Information provided:
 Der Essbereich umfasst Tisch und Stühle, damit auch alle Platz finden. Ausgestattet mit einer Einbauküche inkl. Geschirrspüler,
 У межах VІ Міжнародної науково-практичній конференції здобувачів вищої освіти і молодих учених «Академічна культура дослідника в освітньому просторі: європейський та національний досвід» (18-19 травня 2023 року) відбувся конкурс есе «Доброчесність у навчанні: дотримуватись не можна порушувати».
--
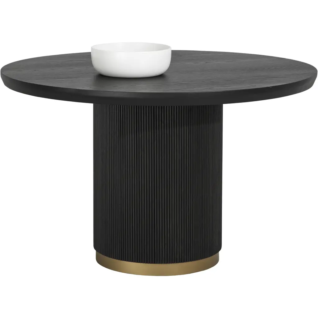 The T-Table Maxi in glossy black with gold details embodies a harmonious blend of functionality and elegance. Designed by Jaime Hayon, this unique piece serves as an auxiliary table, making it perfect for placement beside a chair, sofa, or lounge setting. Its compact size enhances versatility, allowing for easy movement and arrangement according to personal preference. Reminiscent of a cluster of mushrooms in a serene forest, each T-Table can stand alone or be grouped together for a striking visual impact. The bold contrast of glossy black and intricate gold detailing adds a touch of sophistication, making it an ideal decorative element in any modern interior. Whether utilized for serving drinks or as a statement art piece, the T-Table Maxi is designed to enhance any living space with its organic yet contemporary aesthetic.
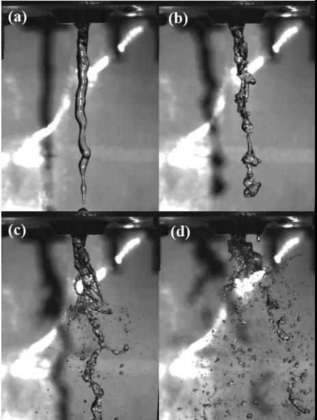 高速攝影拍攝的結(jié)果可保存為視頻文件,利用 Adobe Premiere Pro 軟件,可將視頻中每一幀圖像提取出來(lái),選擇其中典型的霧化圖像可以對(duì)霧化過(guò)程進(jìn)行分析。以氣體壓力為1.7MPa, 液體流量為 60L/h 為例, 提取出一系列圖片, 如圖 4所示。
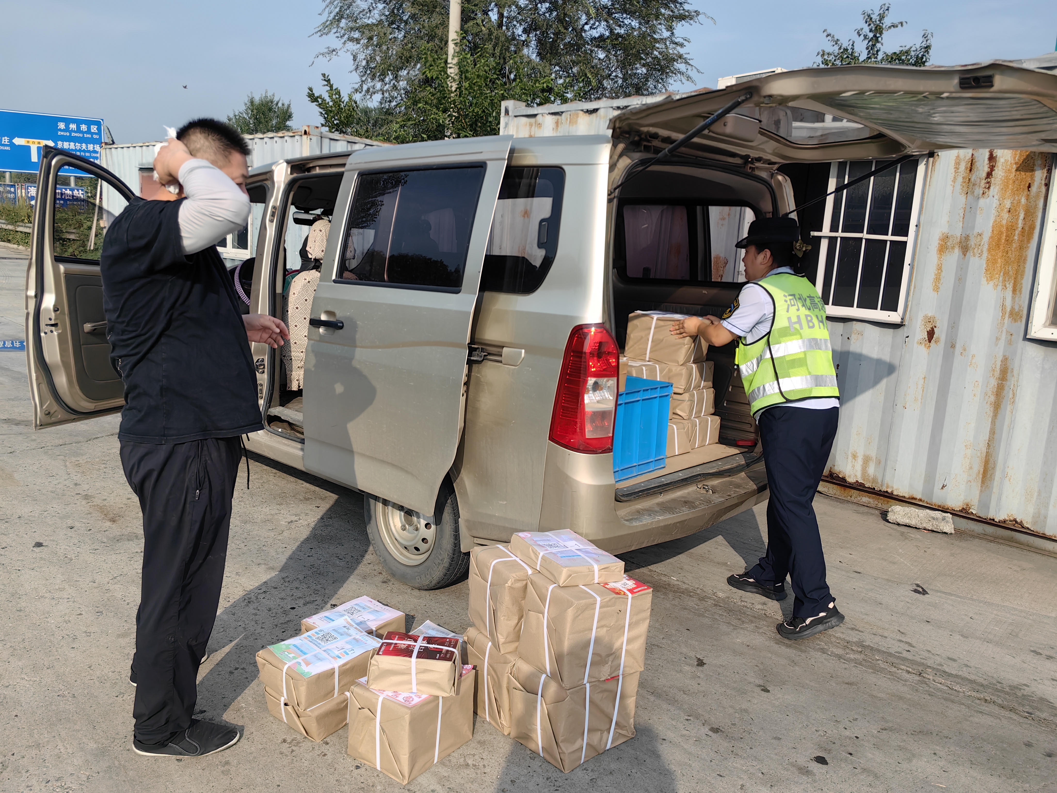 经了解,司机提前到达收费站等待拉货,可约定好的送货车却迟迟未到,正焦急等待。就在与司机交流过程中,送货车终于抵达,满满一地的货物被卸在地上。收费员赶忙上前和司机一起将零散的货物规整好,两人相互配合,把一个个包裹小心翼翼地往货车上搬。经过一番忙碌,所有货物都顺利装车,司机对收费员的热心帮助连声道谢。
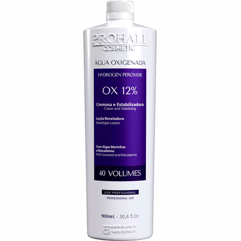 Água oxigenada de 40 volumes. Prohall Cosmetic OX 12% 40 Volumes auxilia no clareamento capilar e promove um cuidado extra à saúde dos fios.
---
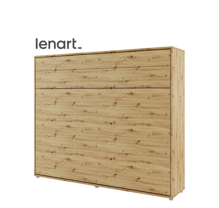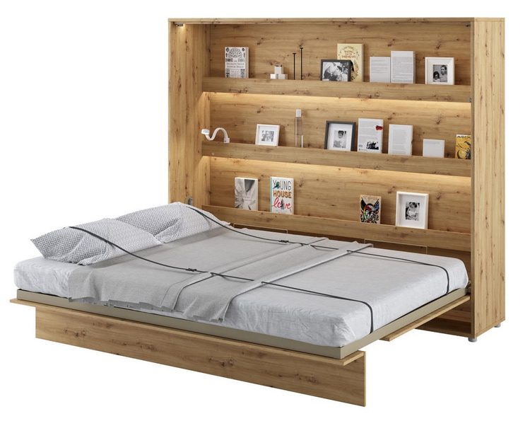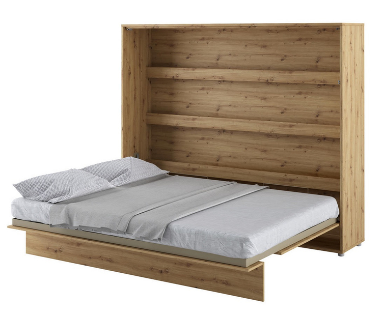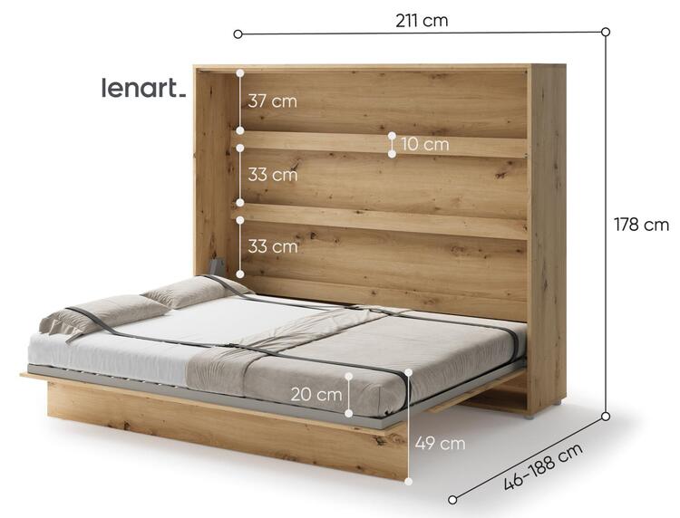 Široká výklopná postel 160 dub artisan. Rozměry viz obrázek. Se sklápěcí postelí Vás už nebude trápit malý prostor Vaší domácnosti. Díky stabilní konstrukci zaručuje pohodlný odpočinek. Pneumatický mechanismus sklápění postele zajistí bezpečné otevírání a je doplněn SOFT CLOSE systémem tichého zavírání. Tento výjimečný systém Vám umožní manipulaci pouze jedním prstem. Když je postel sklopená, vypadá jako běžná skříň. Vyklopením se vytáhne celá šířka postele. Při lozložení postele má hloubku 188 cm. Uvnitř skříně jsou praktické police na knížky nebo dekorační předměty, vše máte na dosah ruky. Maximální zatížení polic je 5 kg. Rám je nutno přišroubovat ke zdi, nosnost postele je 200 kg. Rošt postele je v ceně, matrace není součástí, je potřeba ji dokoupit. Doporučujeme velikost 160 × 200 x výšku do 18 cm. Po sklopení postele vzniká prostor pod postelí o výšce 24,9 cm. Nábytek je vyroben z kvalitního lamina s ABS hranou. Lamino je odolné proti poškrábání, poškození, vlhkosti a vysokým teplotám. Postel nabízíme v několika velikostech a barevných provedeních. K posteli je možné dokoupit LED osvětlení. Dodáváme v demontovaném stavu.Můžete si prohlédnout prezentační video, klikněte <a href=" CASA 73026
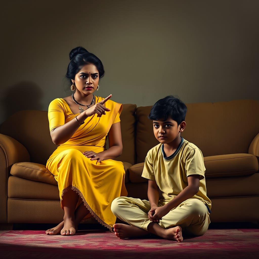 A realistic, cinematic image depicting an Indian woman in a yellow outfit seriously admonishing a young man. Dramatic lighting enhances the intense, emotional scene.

Problem requirements: Everything between and including the line above containing "Široká výklopná postel" and the line containing "A realistic, cinematic" should be reproduced exactly, with pictures excluded.

Written reply:
 Široká výklopná postel 160 dub artisan. Rozměry viz obrázek. Se sklápěcí postelí Vás už nebude trápit malý prostor Vaší domácnosti. Díky stabilní konstrukci zaručuje pohodlný odpočinek. Pneumatický mechanismus sklápění postele zajistí bezpečné otevírání a je doplněn SOFT CLOSE systémem tichého zavírání. Tento výjimečný systém Vám umožní manipulaci pouze jedním prstem. Když je postel sklopená, vypadá jako běžná skříň. Vyklopením se vytáhne celá šířka postele. Při lozložení postele má hloubku 188 cm. Uvnitř skříně jsou praktické police na knížky nebo dekorační předměty, vše máte na dosah ruky. Maximální zatížení polic je 5 kg. Rám je nutno přišroubovat ke zdi, nosnost postele je 200 kg. Rošt postele je v ceně, matrace není součástí, je potřeba ji dokoupit. Doporučujeme velikost 160 × 200 x výšku do 18 cm. Po sklopení postele vzniká prostor pod postelí o výšce 24,9 cm. Nábytek je vyroben z kvalitního lamina s ABS hranou. Lamino je odolné proti poškrábání, poškození, vlhkosti a vysokým teplotám. Postel nabízíme v několika velikostech a barevných provedeních. K posteli je možné dokoupit LED osvětlení. Dodáváme v demontovaném stavu.Můžete si prohlédnout prezentační video, klikněte <a href=" CASA 73026
 A realistic, cinematic image depicting an Indian woman in a yellow outfit seriously admonishing a young man. Dramatic lighting enhances the intense, emotional scene.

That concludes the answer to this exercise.